The book ends with a clarion call, stating: “Now it is time to shatter the invisibility of Kiwi-Indians from Aotearoa’s history and to acknowledge not only Indians as settlers within our nation but also the hardships and discrimination they have faced- and still do today” (p. 211). Discrimination, exclusion and inequality reflect socially constructed identities and interests that depend on circumstances and operate along the lines of sex, gender, colour, race, language, religion etc. These trigger various forms of prejudice or blessings. Our future is inescapably plural, for in the myriad shades of the colour line, we are all threads of the same skein of life. Stepping into this future, we need to move our minds and hearts from bias and prejudice to respect and appreciation for other cultures in the complex choreography of daily life within the family, society and organisation. Harmony and discrimination are part of being human and we need to recognise both aspects in our history in order to strategise for better futures.

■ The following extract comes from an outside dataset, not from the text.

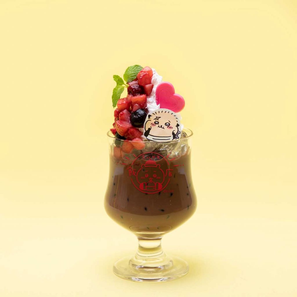 「くりまんじゅうの休肝日ドリンク」(770円)。甘さ控えめのジンジャエールをぐいっとどうぞ。グラスはグッズショップ・ちいかわマーケットでも販売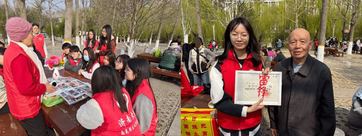 3月21日,志愿者们走进泉城广场,聆听“兵妈妈”齐亚珍三十年来拥军爱兵的感人事迹,深受触动。活动期间,济南剪纸名家徐健现场剪出“雷锋”二字赠予大家,以传统技艺传递雷锋精神,让志愿者们深刻体会其时代价值。

Recipient of a Royal Society medal, Duke of Edinburgh Fellowship and Fulbright alumna, Edwina Pio is New Zealand’s first Professor of Diversity, University Director of Diversity, and elected Councillor on the governing body of the Auckland University of Technology. Her research and doctoral supervisions encompass the intersections of work, ethnicity, indigenous studies, religion and pedagogy. A prolific writer, her research is published in leading international journals and media outlets and she has written over half a dozen books. Edwina has been appointed to the Ministerial Advisory Group pertaining to the Royal society recommendations on the Christchurch Mosque shootings. She chairs the Academic Advisory Board of Te Kupenga the Catholic theological colleges of New Zealand and has been appointed to the Rutherford Discovery Fellowship Humanities and the Social Sciences Panel. A woman of peace and prayer, a scholar of colour, and a passionately engaged educator, Edwina brings grace, gratitude, courage and thoughtfulness to governance, teaching, research, doctoral supervisions and stakeholder engagement.